### Task to complete
Range to output from the entries below: the line containing "בבדיקות שביצע הצוות" through the line containing "メーターパネルには、カラーT". Set it down exactly, ends included, nothing else.

** Opening Materials provided block **

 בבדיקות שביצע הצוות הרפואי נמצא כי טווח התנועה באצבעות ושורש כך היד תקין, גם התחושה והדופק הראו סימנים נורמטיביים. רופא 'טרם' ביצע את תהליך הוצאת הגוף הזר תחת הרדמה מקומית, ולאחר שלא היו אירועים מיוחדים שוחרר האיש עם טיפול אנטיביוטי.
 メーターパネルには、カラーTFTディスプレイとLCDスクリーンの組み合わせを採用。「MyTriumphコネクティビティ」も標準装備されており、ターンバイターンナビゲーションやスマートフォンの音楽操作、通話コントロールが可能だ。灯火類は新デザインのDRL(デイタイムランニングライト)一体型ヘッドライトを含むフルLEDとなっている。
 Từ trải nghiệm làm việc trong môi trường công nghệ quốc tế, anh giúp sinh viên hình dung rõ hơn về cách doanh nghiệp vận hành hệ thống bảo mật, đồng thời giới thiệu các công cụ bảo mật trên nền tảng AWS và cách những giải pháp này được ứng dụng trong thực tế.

** Closing Materials provided block **
** Opening Materials provided block **

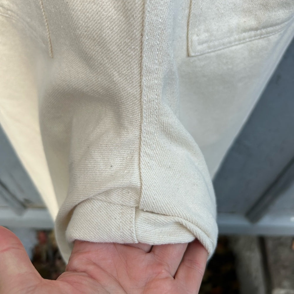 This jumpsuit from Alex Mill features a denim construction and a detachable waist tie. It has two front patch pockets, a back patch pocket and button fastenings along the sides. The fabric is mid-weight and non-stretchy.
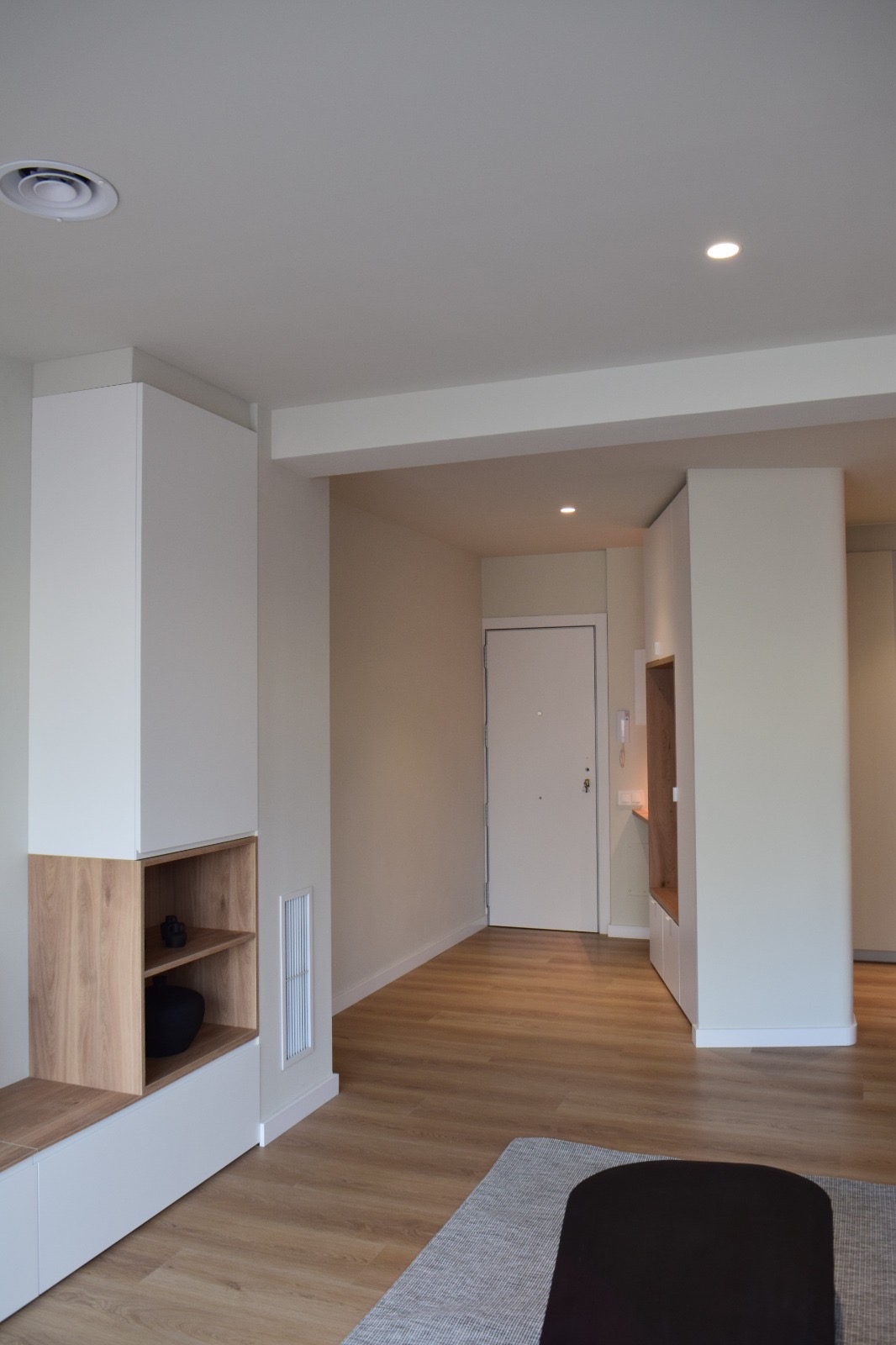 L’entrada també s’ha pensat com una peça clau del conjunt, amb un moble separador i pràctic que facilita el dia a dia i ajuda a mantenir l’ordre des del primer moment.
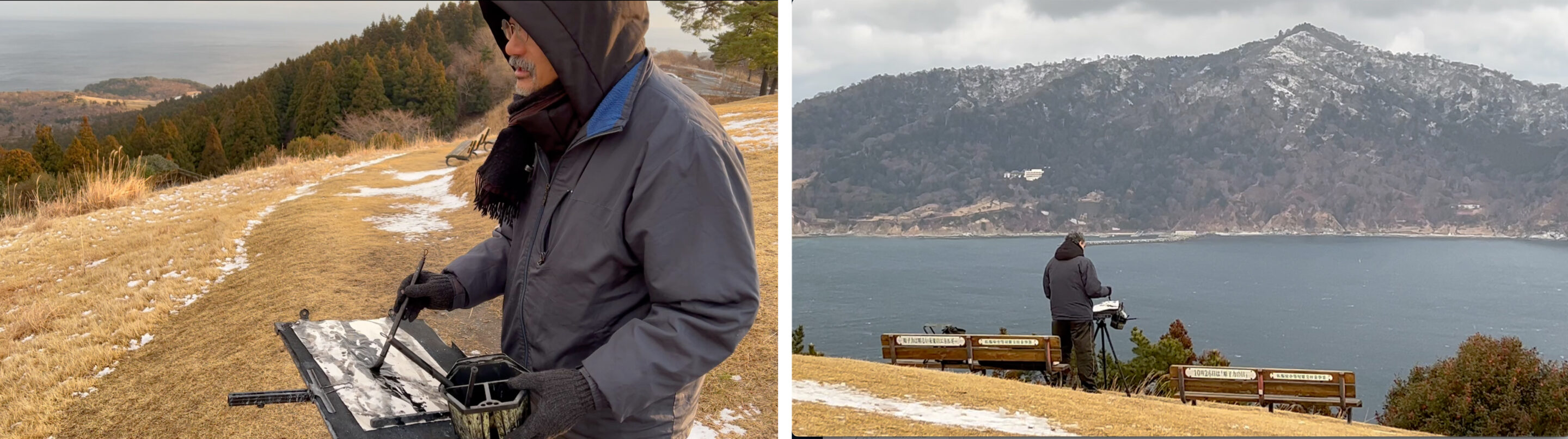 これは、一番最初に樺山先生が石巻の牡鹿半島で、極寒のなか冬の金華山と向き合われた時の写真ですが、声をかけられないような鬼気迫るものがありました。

** Closing Materials provided block **

### Response to the exercise
 בבדיקות שביצע הצוות הרפואי נמצא כי טווח התנועה באצבעות ושורש כך היד תקין, גם התחושה והדופק הראו סימנים נורמטיביים. רופא 'טרם' ביצע את תהליך הוצאת הגוף הזר תחת הרדמה מקומית, ולאחר שלא היו אירועים מיוחדים שוחרר האיש עם טיפול אנטיביוטי.
 メーターパネルには、カラーTFTディスプレイとLCDスクリーンの組み合わせを採用。「MyTriumphコネクティビティ」も標準装備されており、ターンバイターンナビゲーションやスマートフォンの音楽操作、通話コントロールが可能だ。灯火類は新デザインのDRL(デイタイムランニングライト)一体型ヘッドライトを含むフルLEDとなっている。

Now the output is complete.